A Look Back at ‘Dr. Seuss’ The Cat in the Hat’ – The Movie that Killed Future Live-Action Dr. Seuss Adaptations!

After the major success of Ron Howard’s How the Grinch Stole Christmas, Universal took it upon themselves to adapt another beloved book by Dr. Seuss, the classic story of The Cat in the Hat. Unlike The Grinch however, Bo Welch’s adaptation was a flop, not just critically, but financially as well. I remember wanting to see this movie at age 9 as I loved the source material. But I had heard so many bad things about it. Parents said it was too crass to be shown to children, while Audrey Geisel (Seuss’ wife) thought it was so terrible that she refused any of Seuss’ further works to be adapted for live-action. When I saw it in the store, I ended up putting it in my mom’s cart and she bought it for me, despite her warning. I seemed to like The Cat in the Hat enough, but as I grew older, I ended up dismissing it as an abomination to what Seuss worked on. In many ways, that is true. A lot of the humor was mainly for adults, but not in a clever way that kids could miss, yet adults could appreciate, but in a way that went overboard. I could not understand how it did not get a PG-13 rating. At the behest of my three-year-old son, I decided to revisit this movie on Netflix. I almost refused, but I gave in for the sake of my child. I had not seen this film in years, so I figured “What the hell”. Upon watching, I knew I had to do a write-up to determine whether The Cat in the Hat is as bad as I remember, or if it was just misunderstood.

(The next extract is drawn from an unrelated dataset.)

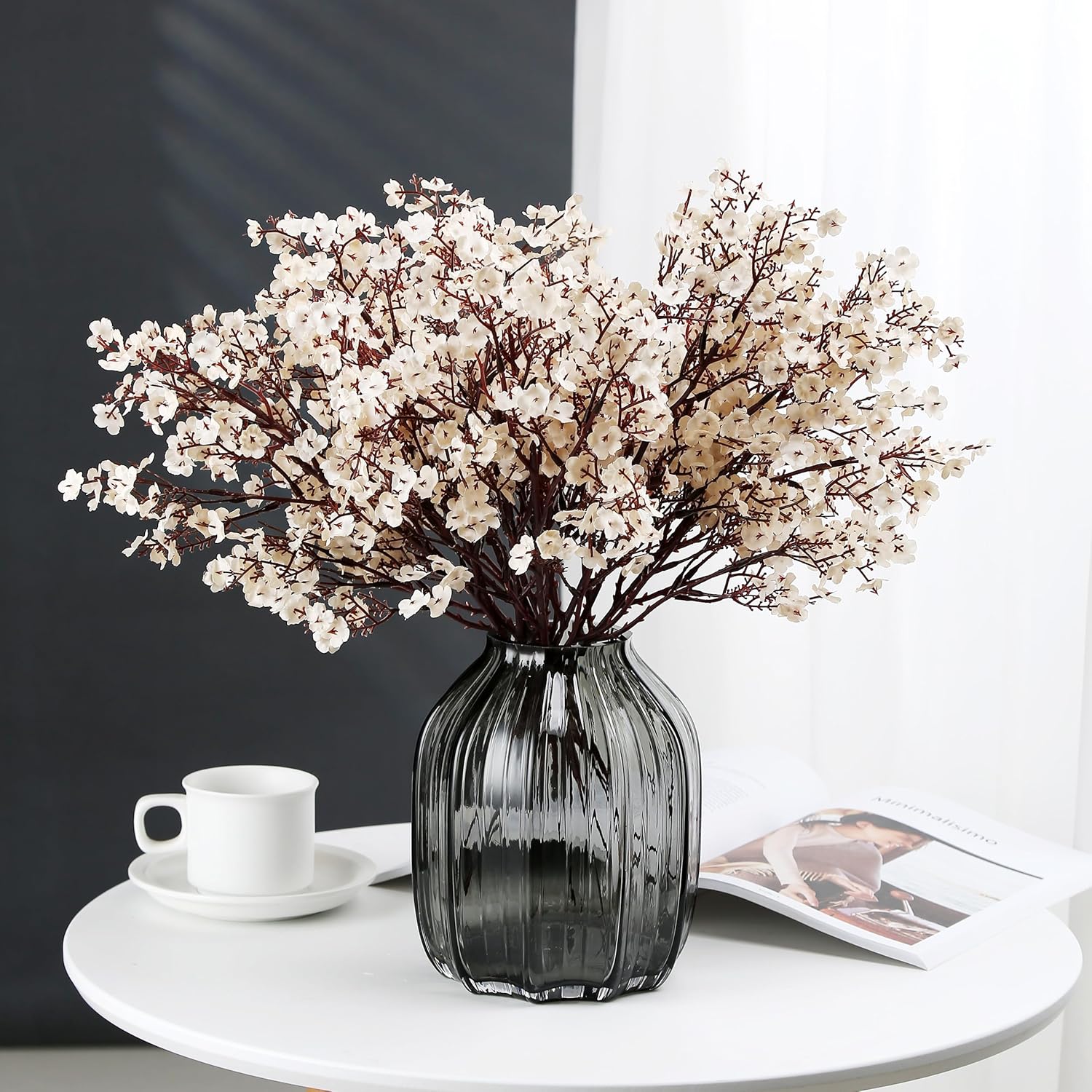 JAKY-Global Fake Fall Flowers Artificial for Decoration Faux Silk Babys Breath Floral Stems Home Indoor Halloween Decor Centerpieces Tables Vase Beige 12pcs

The first ten to twenty minutes of The Cat in the Hat are pure imaginative, colorful bliss. You can see it in the production design as well as the costumes (being that Welch is a production designer for movies, it’s no surprise), adding a really nice touch and coming off straight from a Dr. Seuss book (It sure has a lot more joy than what The Grinch had to offer). Everything looks pleasant and nice, then Mike Myers shows up and everything goes downhill quick. While a lot of effort was put into the body suit and white makeup that Myers had to sport, his performance comes off as grating and miserable. I am sure that a lot of it had to with the actor being forced to play this part, but even he couldn’t quite make the most of it, no matter how hard he tried. At least with The Grinch, Carrey gave it all and actually had some witty zingers. Here, Myers is just the equivalent of a guy who thinks everything he says is the funniest thing on Earth, yet falls flat on his audience. I am not gonna lie and say I didn’t enjoy some of the humor. There is a skit where Myers as The Cat plays two different versions of himself in a parody of food infomercials that got a good laugh out of me, as well as a fantasy sequence set to Lionel Richie’s “Easy Like Sunday Morning”. For the most part, it is cringy, especially with the onslaught of dirty jokes. Adding to the discomfort are the likes of Thing 1 and Thing 2, who are pure nightmare fuel with their grins. The one Seussian effect that is the least terrifying is the fish (Voice of Sean Hayes). As a character, his presence works both visually and comedically, I might add.

I would say that the one aspect that makes The Cat in the Hat bearable are the humans, who have a good idea on how to give their performances. Spencer Breslin and Dakota Fanning as the messy Conrad and his control freak sister, Sally, the late Kelly Preston as their mother, Joan, even Hayes gives off a funny performance as Humberfloob, who could fire anyone at a literal touch of the hand. Even Alec Baldwin makes the most of it as the villainous Larry Quinn, whose goal is to send Conrad to military school and marry Joan. Yet his moments could have been trimmed as he has what may be the most uncomfortable moment in anything Dr. Seuss.

So is The Cat in the Hat a bad movie? Without a doubt. Though with whatever flaws it may have, I do give it a sense of forgiveness for its visual style. That is pretty much all this cat has going for it.